In 2000, Chris Barrett and Luke McCabe paid for their college education by offering their lives up for sponsorship. In 2005, Alex Tew started The Million Dollar Homepage and sold a million bucks worth of ads on a page that was nothing but ads. Last year a web developer tried to sell his name for $250,000 — he didn’t quite make it but still found a buyer for 25 grand. Most recently, Luke Livingston has started Sponsor My Loans in an effort to pay off his student loans — in $200 monthly increments.
There have been numerous examples of this sort of advertising scheme in the past, where advertising is sold on the premise that the method of advertising is so unique or wacky that it will garner mainstream press attention just for being sold — and thus make the ads themselves worthwhile. But how long can that keep working?

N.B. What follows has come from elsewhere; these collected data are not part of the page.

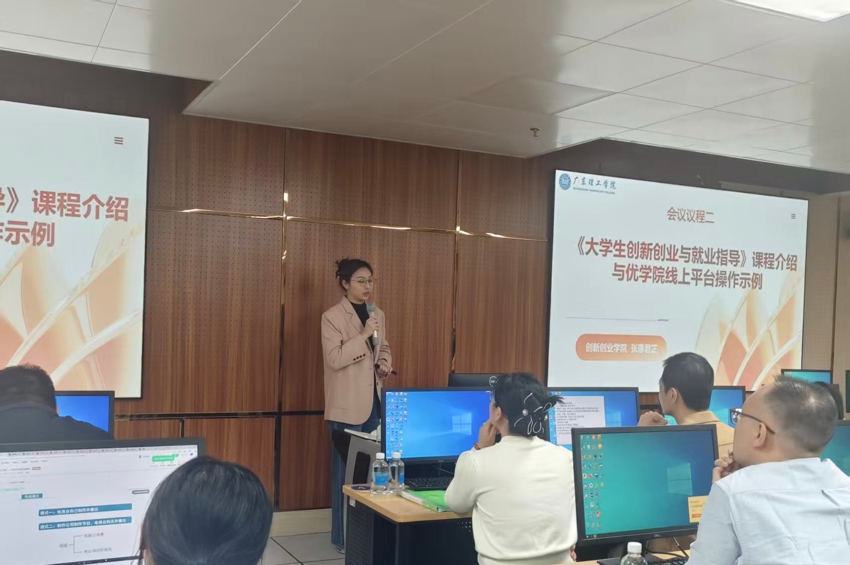会议议程二,9728太阳集团张惠君芷老师对本学期的《老员工创新创业与就业指导》课程进行了详细介绍,并现场演示了优公司线上平台的操作方法。张惠君芷教师就课程的考核项目和成绩评定方法进行了详细讲解,帮助教师们更好地把握教学重点和难点。
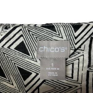 Chico’s Top Blouse Geometric Print Button Back Linen Women’s 1 M 8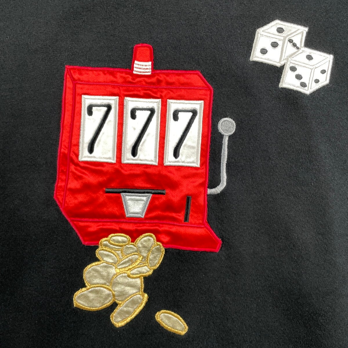 ■90年代 USA製 スロット サイコロ デザイン刺繍 スウェットシャツ メンズ3XL 古着 90s ヴィンテージ VINTAGE カジノ ギャンブル ビッグサイズ 大きいサイズ 黒色【スウェット】/ブラック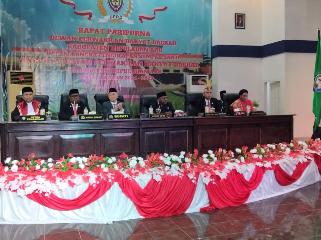 Dobo-Diskominfo. Bupati Kabupaten Kepulauan Aru menghadiri rapat paripurna Dewan Perwakilan Rakyat Daerah (DPRD) dalam rangka pengucapan sumpah dan janji Pimpinan DPRD periode 2024-2029 di ruang sidang sementara gedung sita kena dobo Kamis (21//11/2024). Rapat tersebut di pimpin oleh ketua sementara DPRD Kabupaten Kepulauan Aru Fenny Silvana Loy dari Partai Demokrasi Indonesia Perjuangan (PDIP), dan Wakil Sementara Udin […]

Apparently, the market is still strong for selling ads based on future press coverage about your ad sales. Livingston has already scored press at TheStreet.com, Young Money Magazine, and The National Association of Student Financial Aid Administrators, and lined up sponsors through May. (He’s also gotten press on this blog — yes, I realize the irony here.)

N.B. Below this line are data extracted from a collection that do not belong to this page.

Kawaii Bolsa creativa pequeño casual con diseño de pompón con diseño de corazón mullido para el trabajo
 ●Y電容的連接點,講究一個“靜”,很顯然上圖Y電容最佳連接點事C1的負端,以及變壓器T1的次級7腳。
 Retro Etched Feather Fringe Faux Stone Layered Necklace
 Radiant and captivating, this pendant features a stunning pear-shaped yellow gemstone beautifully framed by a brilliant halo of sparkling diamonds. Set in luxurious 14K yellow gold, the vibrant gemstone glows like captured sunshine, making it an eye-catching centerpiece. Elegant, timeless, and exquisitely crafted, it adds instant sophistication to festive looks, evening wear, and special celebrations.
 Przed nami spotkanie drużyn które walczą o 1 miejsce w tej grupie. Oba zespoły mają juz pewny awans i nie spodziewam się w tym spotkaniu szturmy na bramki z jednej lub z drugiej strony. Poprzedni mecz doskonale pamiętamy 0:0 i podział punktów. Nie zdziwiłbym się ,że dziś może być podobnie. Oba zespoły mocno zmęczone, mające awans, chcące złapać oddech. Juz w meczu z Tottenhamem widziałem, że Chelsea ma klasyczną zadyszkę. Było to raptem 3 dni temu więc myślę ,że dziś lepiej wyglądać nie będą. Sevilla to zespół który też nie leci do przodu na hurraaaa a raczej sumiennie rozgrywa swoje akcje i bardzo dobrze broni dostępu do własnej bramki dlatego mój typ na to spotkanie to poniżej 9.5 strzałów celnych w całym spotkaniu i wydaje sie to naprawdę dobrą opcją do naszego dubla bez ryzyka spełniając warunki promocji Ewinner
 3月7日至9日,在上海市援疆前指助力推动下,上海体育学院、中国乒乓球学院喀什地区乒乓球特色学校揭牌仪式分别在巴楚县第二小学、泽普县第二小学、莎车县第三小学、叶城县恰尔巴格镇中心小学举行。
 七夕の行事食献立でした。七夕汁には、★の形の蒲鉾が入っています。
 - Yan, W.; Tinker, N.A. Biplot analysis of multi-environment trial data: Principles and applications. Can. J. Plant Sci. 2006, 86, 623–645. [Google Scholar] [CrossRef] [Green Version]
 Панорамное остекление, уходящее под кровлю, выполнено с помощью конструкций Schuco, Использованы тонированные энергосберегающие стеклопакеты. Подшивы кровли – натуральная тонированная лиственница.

There appears to be such a market for wacky ads, that a site like Body Billboardz, a marketplace for people willing to sell ad space on their bodies, currently has nearly 50 people willing to sell themselves to corporations.

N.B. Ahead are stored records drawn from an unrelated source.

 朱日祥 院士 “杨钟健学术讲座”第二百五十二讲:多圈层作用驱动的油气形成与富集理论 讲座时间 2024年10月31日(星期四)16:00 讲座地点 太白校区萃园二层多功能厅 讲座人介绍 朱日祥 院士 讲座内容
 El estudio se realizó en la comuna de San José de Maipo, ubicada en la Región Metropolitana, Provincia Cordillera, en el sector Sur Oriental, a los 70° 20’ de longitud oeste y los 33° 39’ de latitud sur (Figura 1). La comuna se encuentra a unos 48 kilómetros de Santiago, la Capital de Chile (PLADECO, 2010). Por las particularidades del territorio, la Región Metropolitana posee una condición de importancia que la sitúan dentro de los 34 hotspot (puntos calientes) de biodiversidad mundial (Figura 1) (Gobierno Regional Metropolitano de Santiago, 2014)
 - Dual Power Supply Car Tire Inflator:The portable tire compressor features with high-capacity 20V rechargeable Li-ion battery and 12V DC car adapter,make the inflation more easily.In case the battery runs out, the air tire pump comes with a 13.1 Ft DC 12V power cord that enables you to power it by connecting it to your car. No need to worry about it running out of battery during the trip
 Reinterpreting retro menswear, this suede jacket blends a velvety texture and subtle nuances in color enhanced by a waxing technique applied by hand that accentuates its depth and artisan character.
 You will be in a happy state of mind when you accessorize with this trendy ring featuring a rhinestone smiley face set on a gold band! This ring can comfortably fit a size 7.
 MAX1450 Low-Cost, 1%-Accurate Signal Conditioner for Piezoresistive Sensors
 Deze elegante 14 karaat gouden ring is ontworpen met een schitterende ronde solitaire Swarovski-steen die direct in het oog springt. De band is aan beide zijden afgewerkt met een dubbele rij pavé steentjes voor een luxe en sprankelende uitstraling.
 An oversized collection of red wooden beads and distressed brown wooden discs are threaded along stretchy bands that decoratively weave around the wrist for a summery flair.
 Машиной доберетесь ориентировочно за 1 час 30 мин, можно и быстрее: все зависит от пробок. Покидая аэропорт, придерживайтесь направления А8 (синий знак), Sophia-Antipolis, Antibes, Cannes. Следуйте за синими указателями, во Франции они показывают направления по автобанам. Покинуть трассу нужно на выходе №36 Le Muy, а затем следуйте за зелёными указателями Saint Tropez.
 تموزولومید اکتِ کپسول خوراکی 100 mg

I’m somewhat amazed that these advertising schemes keep working. And it’s hard for me to believe that the ads really garner any sort of return for the companies that place them — this is about as untargeted as you can get in advertising, and the people visiting these sites are really more interested in marveling at the tremendous luck of the people behind them then at checking out the companies willing to put up the cash for advertising. But as Livingston says in his press release, “Hey, it’s worth a shot, right?”